11. Saganaki (fried cheese)
Simple but delicious! Cheese saganaki is a thick slice of firm Greek cheese (usually kefalotyri, kasseri, or graviera) that’s lightly dredged in flour and pan-fried in olive oil until golden and crispy on the outside, soft and melty inside. Always finished with a squeeze of lemon.
12. Kolokithokeftedes (zucchini fritters)
A staple in many Greek restaurants, these kolokithokeftedes pair perfectly with a glass of ouzo. Kolokithi’ means zucchini, whereas ‘Keftedes’ means meatballs. So the literal combination of the two, ‘kolokithokeftedes,’ is translated to Zucchini meatballs, or loosely Zucchini Fritters. What really distinguishes these zucchini fritters is the incorporation of tangy feta and fresh herbs.
🥗 Salads
13. Salad Dark
Dakos (ντάκος) is a traditional Cretan salad that combines the freshness of ripe tomatoes and the creaminess of feta with the rustic crunch of barley rusks. It’s sometimes called Cretan bruschetta because of its layered style, but the flavors are distinctively Greek.

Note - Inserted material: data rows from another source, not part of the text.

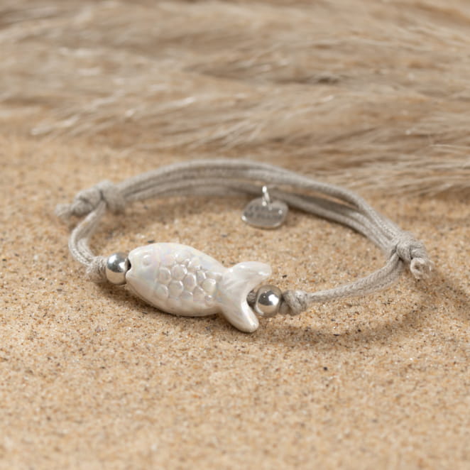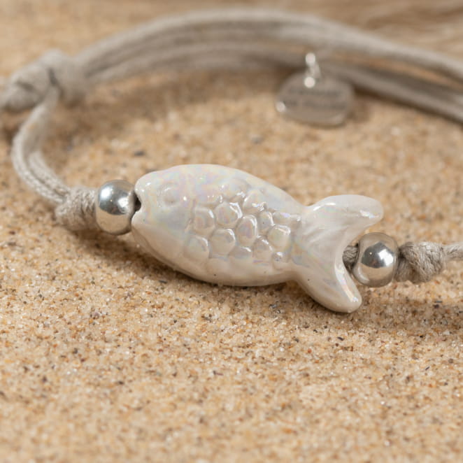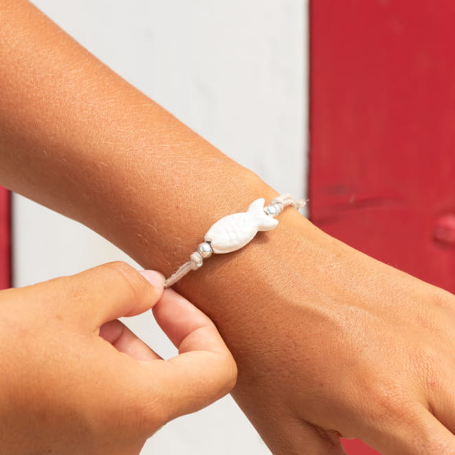 Le bracelet Jacqueline enchante avec son lin beige délicat, embrassant une pierre de céramique blanche en forme de poisson. voir plus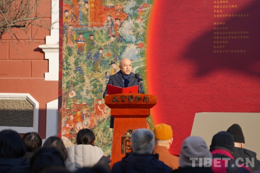 展覽開幕式現(xiàn)場,文化和旅游部黨組成員、故宮博物院院長王旭東,西藏自治區(qū)人民政府黨組成員、副主席徐志濤,故宮博物院原院長鄭欣淼,中國文物保護基金會理事長劉玉珠,中國佛教協(xié)會會長演覺,中國古跡遺址保護協(xié)會理事長宋新潮,國家民族事務委員會古籍整理研究室一級巡視員孫繼為,故宮博物院黨委書記、副院長都海江,文化和旅游部非物質文化遺產(chǎn)司二級巡視員張玲,西藏自治區(qū)人民政府辦公廳二級巡視員旦巴央培,西藏自治區(qū)文化廳黨組成員、西藏自治區(qū)文物局黨組書記、副局長趙興邦,全國政協(xié)委員、薩迦寺寺管會常務副主任洛卓加措,香港賽馬會慈善事務部主管葉巧兒出席。文化和旅游部、國家文物局下屬文博單位,西藏自治區(qū)人民政府下屬相關單位,北京市人民政府下屬相關單位,本次展覽的獨家捐助方公益慈善研究院,相關協(xié)會、學會、基金會,各參展單位,特邀相關業(yè)務合作單位等也現(xiàn)場出席。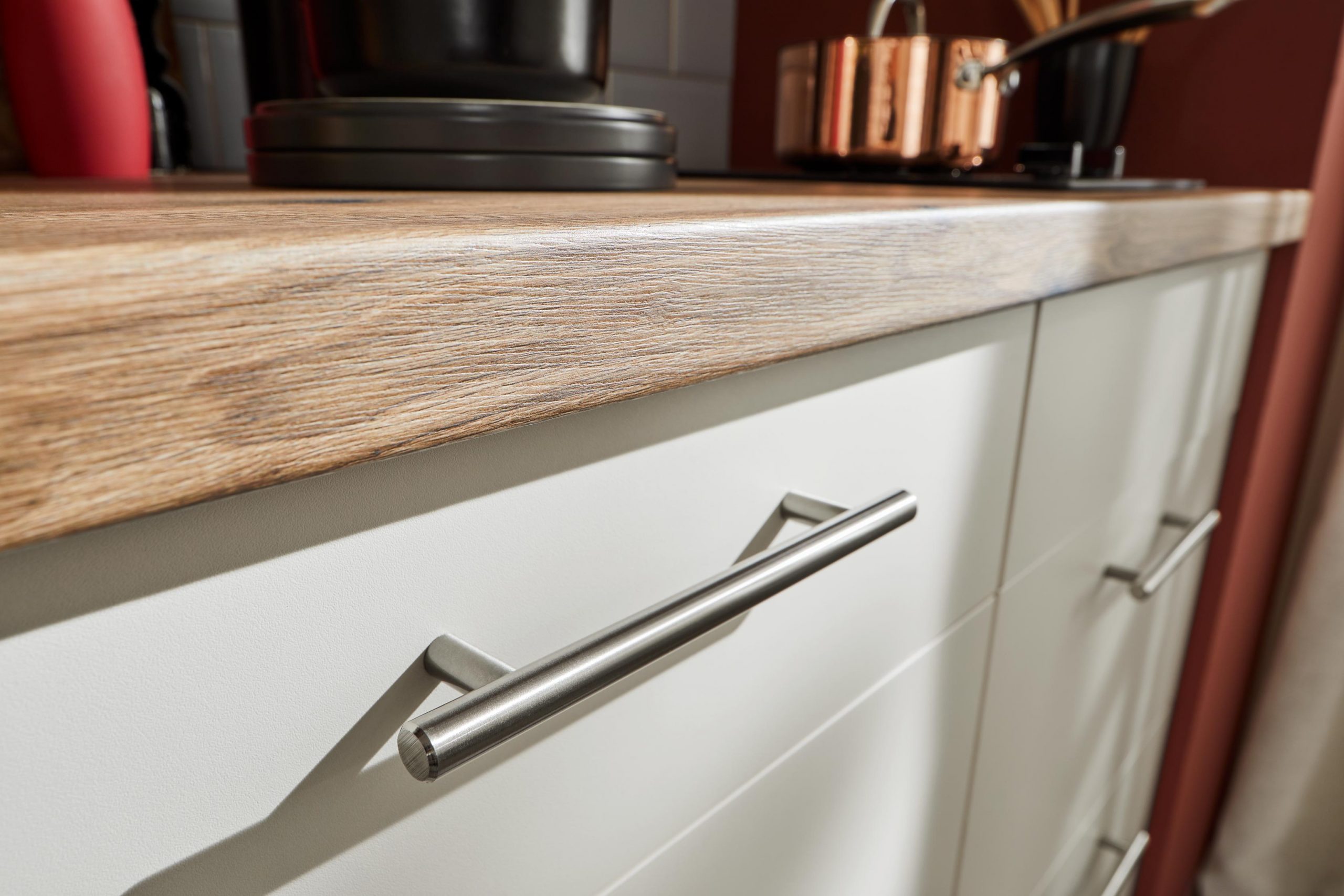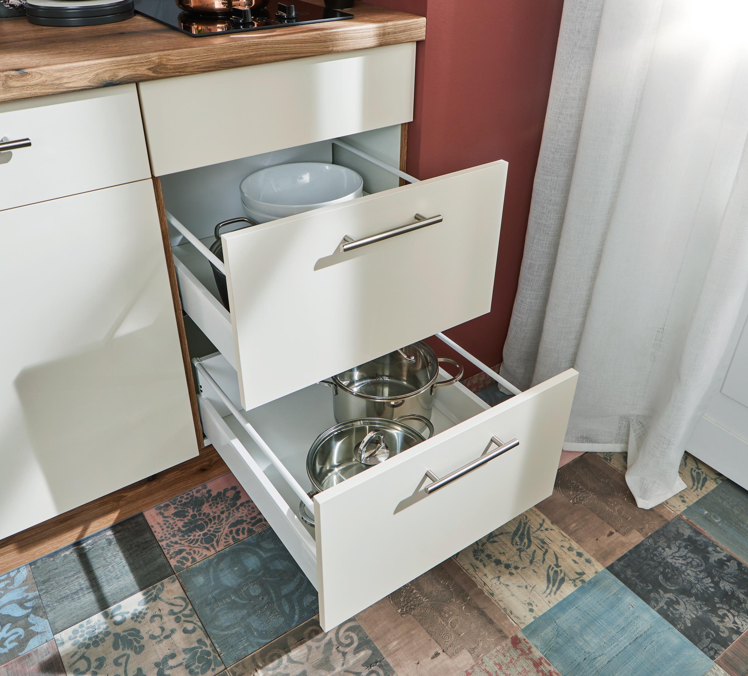 Höhenverstellbare Sockelfüße ermöglichen ein perfektes Ausrichten der Küchen, die Sockelblende mit aufsteckbarem Dichtungsprofil verhindert das Eindringen von Wasser und Schmutz.
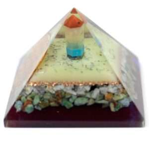 Dentro de la resina cristalina, se combinan metales, cobre y fragmentos de piedras semipreciosas que actúan como catalizadores de energía orgónica. La pirámide limpia y purifica los campos electromagnéticos, transformando las vibraciones densas en frecuencias más suaves y elevadas. Colocada sobre un escritorio, altar o mesita de noche, ayuda a restaurar el equilibrio natural del entorno, promueve la concentración, el descanso y la serenidad interior.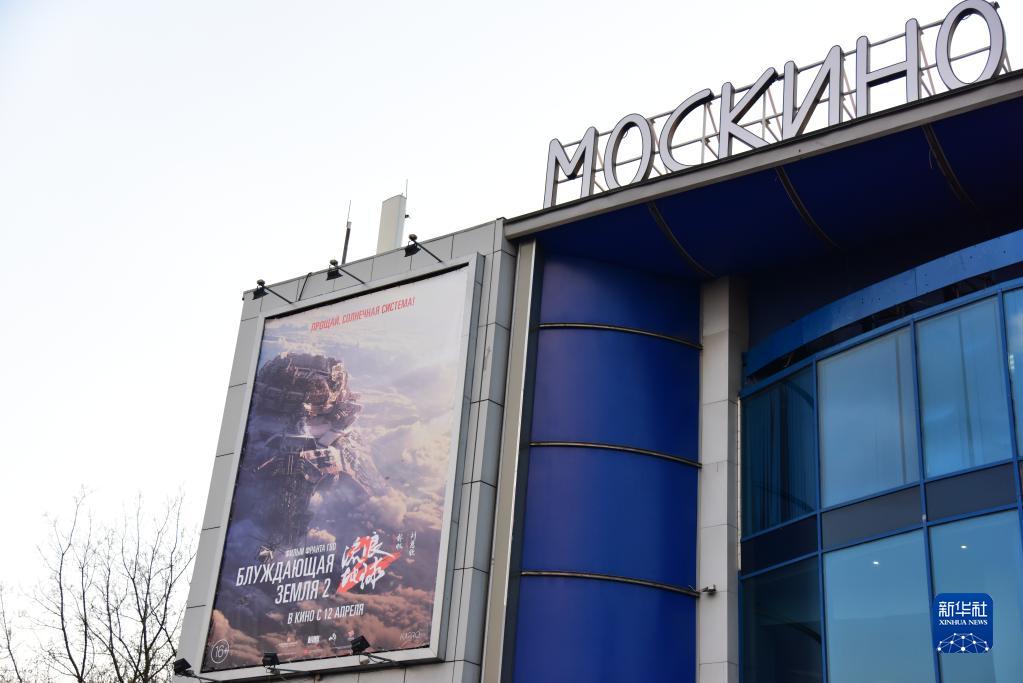 這是4月11日在俄羅斯首都莫斯科“莫斯科電影”旗下的宇宙電影院外拍攝的《流浪地球2》電影宣傳海報。中國科幻電影《流浪地球2》俄文版首映式11日晚在俄羅斯連鎖影院“莫斯科電影”旗下的宇宙電影院舉行。俄政府官員、文化藝術(shù)界人士以及在俄中國留學(xué)生、華僑華人等參加首映式。新華社記者 華迪 攝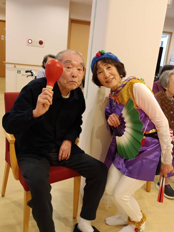 また、クリスマス会では、舞扇様(ボランティア)による素敵な演出を加えた民謡や舞踊、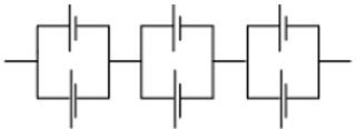 Tìm suất điện động và điện trở trong của bộ nguồn gồm \(6\) ắcquy mắc như hình vẽ. Biết mỗi ắcquy có \(\xi = 3V;{\rm{ }}r = 2\Omega \)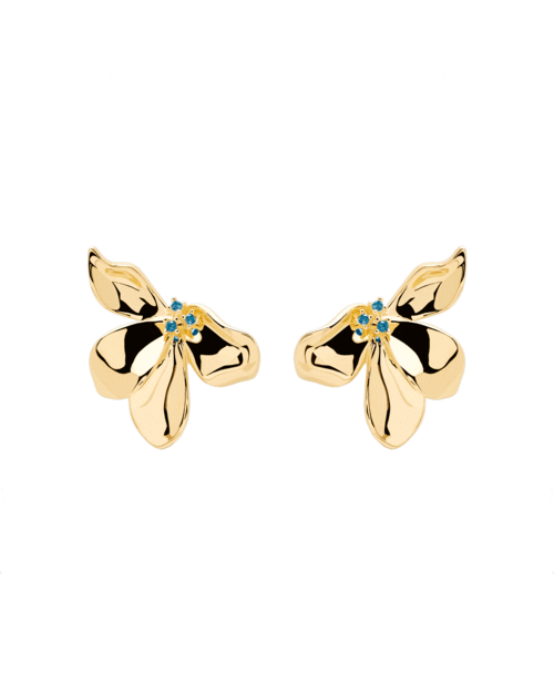 Egy kibontakozó virág, amelyet finom kék cirkóniák díszítenek, az egyedi retro hangulatot hordozó Fleur fülbevaló magja. Gondosan polírozott és 18k arannyal bevont, a növényvilág rugalmassága és finomsága által ihletett kollekcióban.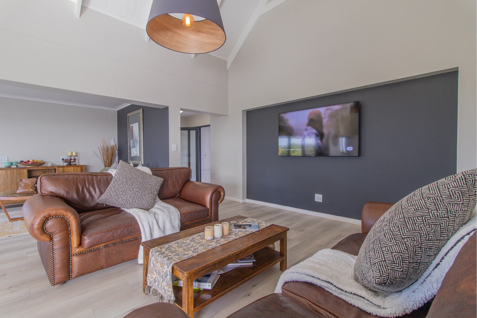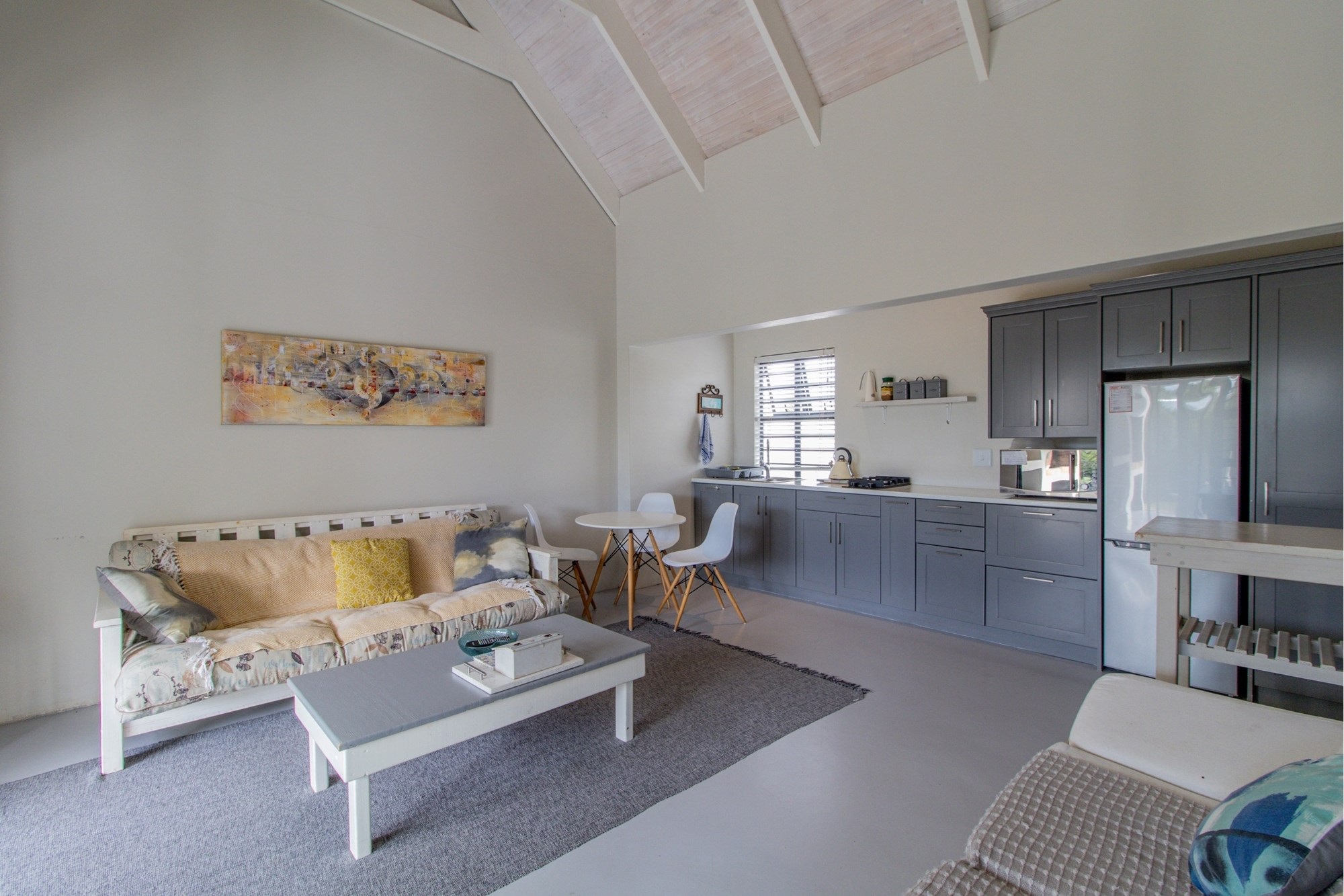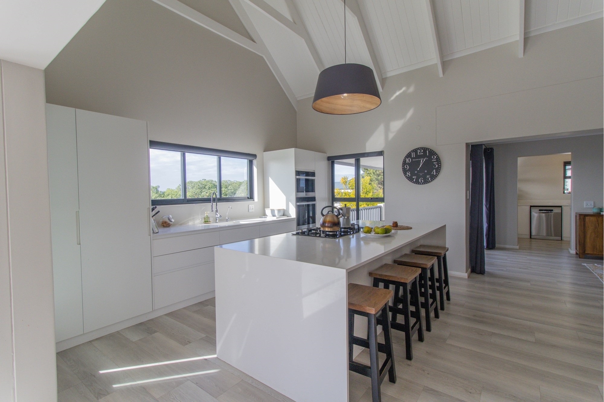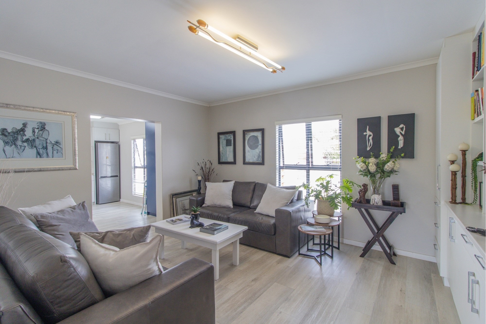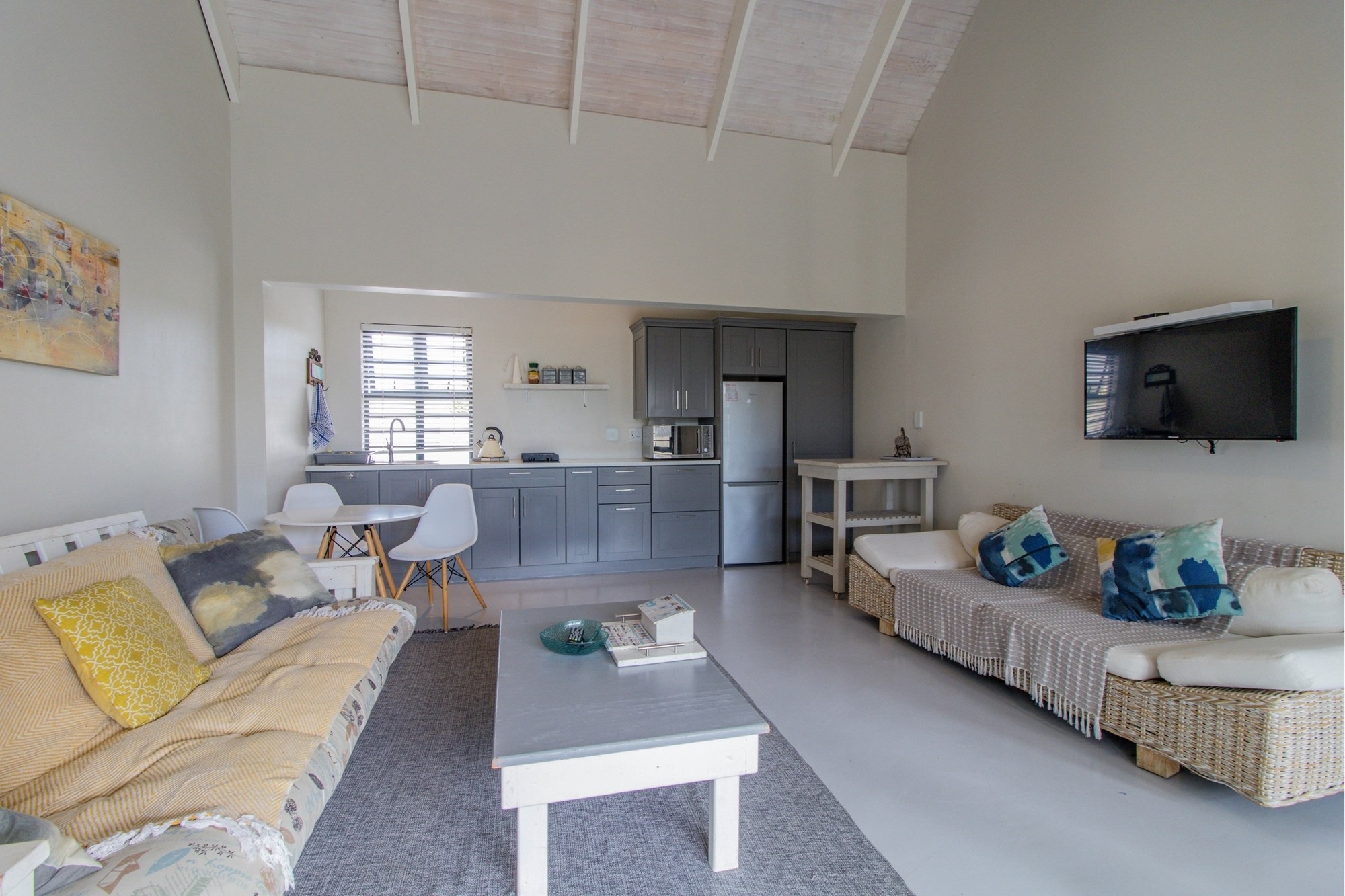Open-plan lounge and kitchen with separate scullery

14. Greek Salad (Horiatiki)
Greek salad, called Horiatic or Greek Village Saladis one of the most popular summer salad recipes in Greece and one of the most iconic dishes of Greek cuisine. Greek salad is usually served as a side dish next to the main course, but you can also have it for lunch or as a light dinner. To make it more satiating you can definitely add 1-2 barley rusks which will soak up all the juices.